A state court judge in Philadelphia rejected Friday a request by the Trump campaign that it be allowed to send poll watchers to so-called “satellite” election sites, where voters can simultaneously apply for and then submit mail-in ballots.
The lawsuit was filed against the Philadelphia County Board of Elections after President Trump complained that Philadelphia election officials blocked his supporters from observing voting at one such site.
“Bad things happen in Philadelphia, bad things,” Trump claimed during the first presidential debate, as part of his broader rhetoric stirring baseless fears of fraud in the election.
The Trump campaign had yet to certify any of its poll watchers at the time of the episode, the Philadelphia Inquirer reported at the time, and Friday’s opinion backed up a widely-held interpretation of state election law that said election officials were not obligated to allow poll watchers to observe voting at satellite sites.
The satellites sites were created in a sweeping election overhaul bill passed last year that reformed several aspects of voting in Pennsylvania, well before the pandemic.
The satellite sites, which can open several weeks before Election Day, serve as a one-stop shop for Pennsylvanians to register to vote, apply for mail-in ballots, fill out those ballots and then submit them.
In his opinion Friday, Judge Gary Glazer said that satellite sites did not fit into the clearly defined categories in state law for poll watching activities.
Glazer noted that in the 2019 legislation, as well as in the more recent voting reforms enacted this year because of the pandemic, lawmakers showed they were aware of poll watchers and even gave watchers the ability to watch the processing and the counting of mail-in ballots.

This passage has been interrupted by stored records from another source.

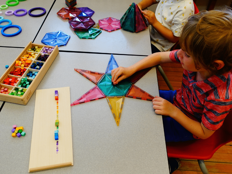 Amusez-vous en créant des formes, des chiffres et toutes sortes de lignes (droites, obliques, courbes, brisées, fermées, etc.). Explorez la symétrie et les polygones avec ce matériel de manipulation. Avec les tuiles Connetix, créez des polygones et utilisez les cubes du « Mis and match » pour calculer le périmètre ou encore l’aire. Pour aller encore plus loin, utilisez les Connetix pour construire des solides en 3 dimensions. Profitez de l’occasion pour compter les côtés, les sommets et les arrêtes.
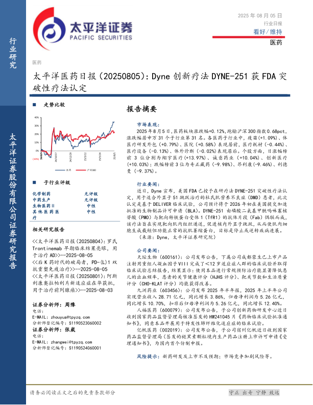 医药日报:Dyne创新疗法DYNE-251获FDA突破性疗法认定
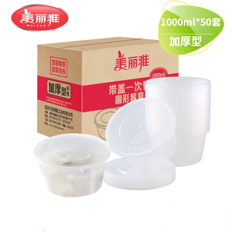 商品名称:美丽雅 一次性饭盒食品级餐盒带盖 快餐外卖打包盒 野餐盒可微波饭盒 圆形带盖 1000ml*50套 单位:箱
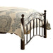 With a look that is a perfect complement to a number of room decors, the Averny Collection will provide the additional sleep space you need for your home. The twin size headboard and footboard are supported by a metal slat system that requires that a mattress only is needed to complete the bed. Ball finials and a black & brown two-tone finish complete the look of the bed. Also available in full. 42 x 79 x 35H

But neither of those bills gave poll watchers the permission to watch the “ministerial activities” around mail-in voting that happen at satellite sites, the judge said.
“For this court to read into Election Code the right of watchers to be present in Board of Elections’ offices, which the Legislature did not expressly provide, would be the worst sort of judicial activism,” Glazer said. “This court will not engage in such improper conduct, which would be a clear usurpation of the legislative function.”